I just wanted to point out that we are in the process of building a full CUDA engine for MATLAB programs (named Jacket) that may be of interest to people who read this thread. We just launched a free beta release that you can grab at:

http://www.accelereyes.com

We would love to hear your thoughts regarding Jacket and insights on how it can be improved to make MATLAB GPU Computing as beneficial to the community as possible.

Best,

John Melonakos

Boxed_Cylon · July 9, 2008, 1:10am

I’ll add here a few notes that I may include in the next version of the tutorial (call them a “patch” to the tutorial for now, if you like, or a TO DO list):

→ On the other mail list, I inquired about using cudaMallocHost in a mex file to speed up the host-device communications. This is to use “pinned memory”. Matlab is fairly memory sensitive, so it is not generally possible to allocate memory this way. I suspect, however, that one could actually sometimes get away with using cudaMallocHost() in a mex file - it is a matter of avoiding any calls to matlab. So one could cudaMallocHost(), compute away, and then clear out the CUDA variables before Matlab is aware of what is going on and complain/crash (its the “don’t ask, don’t tell” memory policy).

→ I was puzzled over why my “surf” command wasn’t working. Well, it would work, but nothing would appear in the figure. It develops that surf does not work on single precision data! (at least for me) If A is single precision, then one needs to do “surf(X,Y,double(A))” to see the data. I think this qualifies as a bug in Matlab, if you ask me.

→ C and CUDA are “row major” in how data are organized in arrays, Matlab and cublas are “column major” (nomenclature).

→ I think I need to say something about the grids/blocks/threads/warps and kernel efficiency, but I don’t think I altogether understand those quite yet…as integral to CUDA as they are…

amirk · July 17, 2008, 9:03am

Hi

when I try to compile nvmex example, I get this error:

Where can I find this file?

Thanks

ps1946 · August 9, 2008, 10:56pm

I have exactly the same problem! External Media

Boxed_Cylon · August 10, 2008, 7:13pm

mexutils.pm …

I don’t know if this is any help, but such a file does not exist on my linux machine. I also do not have an nvmex.pl; rather, I have nvmex a bash script (rather than this perl script). mexutils.pm is a perl module, I believe. I suspect you will have to look to matlab/mathworks for some sort of perl package on windows? (I presume you’ve searched your machine for this file already, so it is not a matter of having the right search path.)

This link any help?:

[url=“When I try to run the MEX -SETUP command from within MATLAB 7.1 (R14SP3), why do I receive errors? - MATLAB Answers - MATLAB Central”]http://www.mathworks.com/support/solutions...lution=1-1TNK6Y[/url]
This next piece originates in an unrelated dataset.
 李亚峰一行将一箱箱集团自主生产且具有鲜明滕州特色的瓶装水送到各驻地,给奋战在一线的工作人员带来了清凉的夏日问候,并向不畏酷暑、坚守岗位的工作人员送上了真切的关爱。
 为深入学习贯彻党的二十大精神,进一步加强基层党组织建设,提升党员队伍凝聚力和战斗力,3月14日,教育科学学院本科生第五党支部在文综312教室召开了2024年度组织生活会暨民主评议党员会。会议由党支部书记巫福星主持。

ps1946 · August 10, 2008, 9:41pm

Its fine, thank you. I solved this bug, mexutils.pm is a Perl module supplied by Matlab. Apparently my instalation was corrupted and rather old. Upgrading it got the mexutils.pm file back in matlab/bin. My bad, sorry.
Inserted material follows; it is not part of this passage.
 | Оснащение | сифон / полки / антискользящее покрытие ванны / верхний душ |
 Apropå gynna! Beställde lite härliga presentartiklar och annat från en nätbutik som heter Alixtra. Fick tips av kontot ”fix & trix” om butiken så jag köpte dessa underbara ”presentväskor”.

Boxed_Cylon · August 20, 2008, 6:40am

I’ve developed my small HOWTO a little bit according to the notes above. The main addition is the discussion of multiple processors, warps and threads - I am still a little uncertain about those topics, so I’d be happy to hear of any corrections to misperceptions/poor discussion in the document. I aim for clarity above all things…

I’ve added the link to the latest version above in the first entry of this thread, but here it is also:

[url=“http://forums.nvidia.com/index.php?act=Attach&type=post&id=9257”]The Official NVIDIA Forums | NVIDIA

Other than to make any corrections that anyone might suggest, I think I am done with this document for the foreseeable future. I hope people find it useful.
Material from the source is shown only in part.